KBRA Assigns Rating to Sixth Street Specialty Lending, Inc.'s $300 Million Senior Unsecured Notes Due 2028
8 Aug 2023 | New York
KBRA assigns a rating of BBB+ to Sixth Street Specialty Lending, Inc.’s (NYSE: TSLX or “the company”) $300 million 6.95% senior unsecured notes due August 14, 2028. The Outlook for the rating is Stable.
Key Credit Considerations
The rating and Stable Outlook reflects the company’s ties to Sixth Street, a global investment firm with over $65+ billion of assets under management, a $3.1 billion diversified investment portfolio comprised almost entirely of first lien senior secured investments (91%) with a non-cyclical sector focus, appropriate leverage of 1.16x with regulatory asset coverage of 186.1% (150% regulatory minimum), and a diversified funding structure that includes senior unsecured notes and secured bank lines. The company’s portfolio company weighted average annual EBITDA was $67.3 million and had a weighted average revenue of $205.3 million as of June 30, 2023. The top three sector concentrations included Internet Services (15.7%), Business Services (15.6%) and Human Resource Support Services (11.8%). The company also has a relatively high proportion of portfolio companies in the Retail and Consumer products sector (11%). However, the majority of these investments fall under the company’s special situations business which are asset based (high collateralization with downside protections) and the strategy has generated in excess of 20% gross IRRs on fully realized positions.
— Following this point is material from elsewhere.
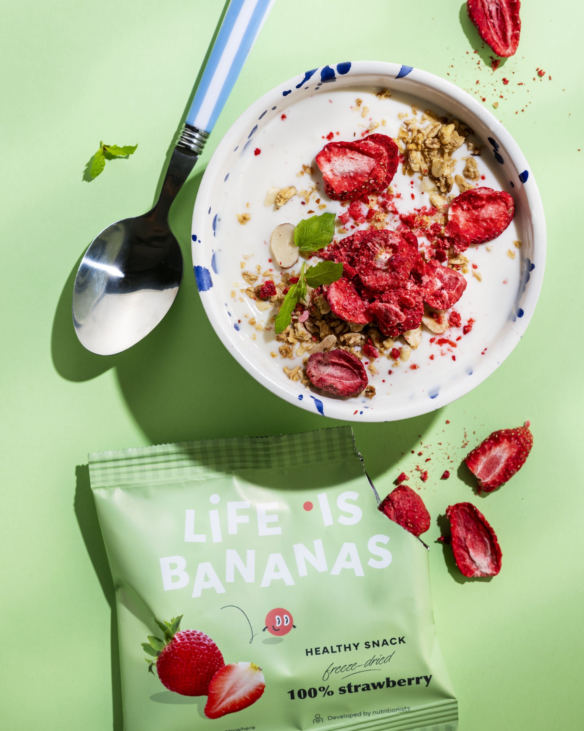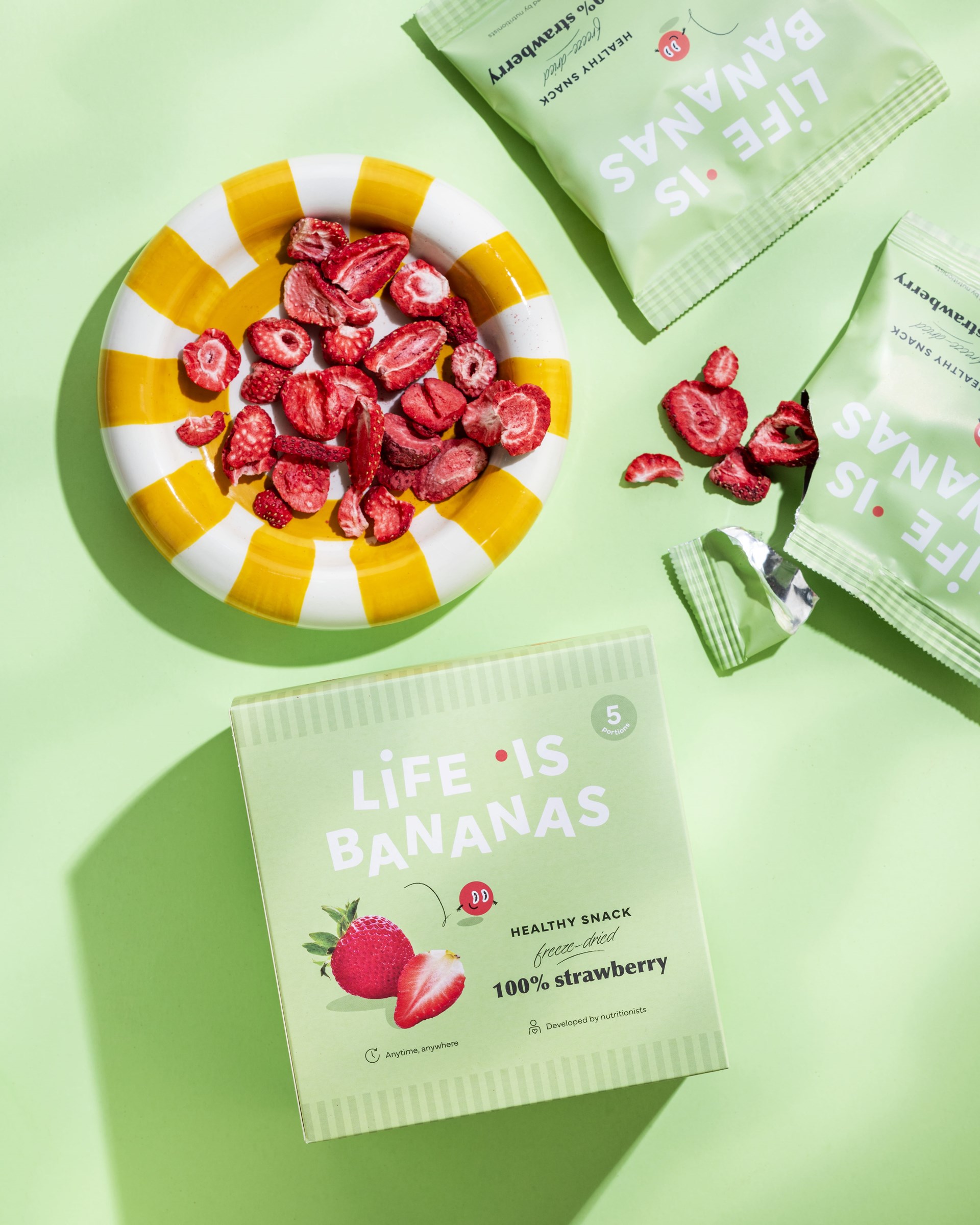 Gezond zonder lange ingrediëntenlijst – bij Life is Bananas kan het. 100% aardbei, 0% toevoegingen en een verrassende crunch. Door een slimme verwerking transformeren we puur fruit tot een nieuw snackmoment dat zich duidelijk onderscheidt van klassieke en overbewerkte snacks.

TSLX’s liquidity is adequate with $659.2 million of available committed bank lines with $190 million of available unfunded commitments and its earliest maturity of $347.5 million in November 2024. The company’s percentage of unsecured debt to total debt is boosted by the $300 million issuance, which on a pro-forma basis comprises 56% of total debt compared to 38% as of June 30, 2023. KBRA believes that unsecured noteholders have sufficient unencumbered assets due to its high proportion of investments highest in the capital structure. Increasing short-term liquidity, the company issued shares for gross proceeds of $79.2 million in May. Furthermore, the ratings are supported by the company’s solid 13-year operating history with minimal non-accruals, which includes only one portfolio company that accounted for 0.9% and 0.6% at cost and fair value of total investments, respectively, as of June 30, 2023. A strong management team with decades of experience in middle market lending and solid risk management practices have resulted in high returns, which also support the ratings. The strengths are counterbalanced by the illiquid nature of the assets and retained earnings constraints as a Regulated Investment Company (RIC).
Formed in 2010, Sixth Street Specialty Lending, Inc. is a publicly traded closed-end externally managed non-diversified investment management company regulated as a business development company under the Investment Company Act of 1940. Also, the company has elected to be subject to tax as a RIC. The company is managed by Sixth Street Specialty Lending Advisers, LLC, an affiliate of Sixth Street Partners (“Sixth Street). The company maintains exemptive relief order from the SEC that allows it to co-invest, subject to certain conditions with its affiliates.
Rating Sensitivities
The ratings for TSLX are unlikely to be upgraded in the intermediate term. A rating downgrade and/or Outlook change to Negative could be considered if a prolonged downturn in the U.S. economy has a material impact on credit metrics including liquidity, leverage, and earnings. An increased focus on riskier investments or a significant change in the current management structure and/or risk management policies could also lead to negative rating actions.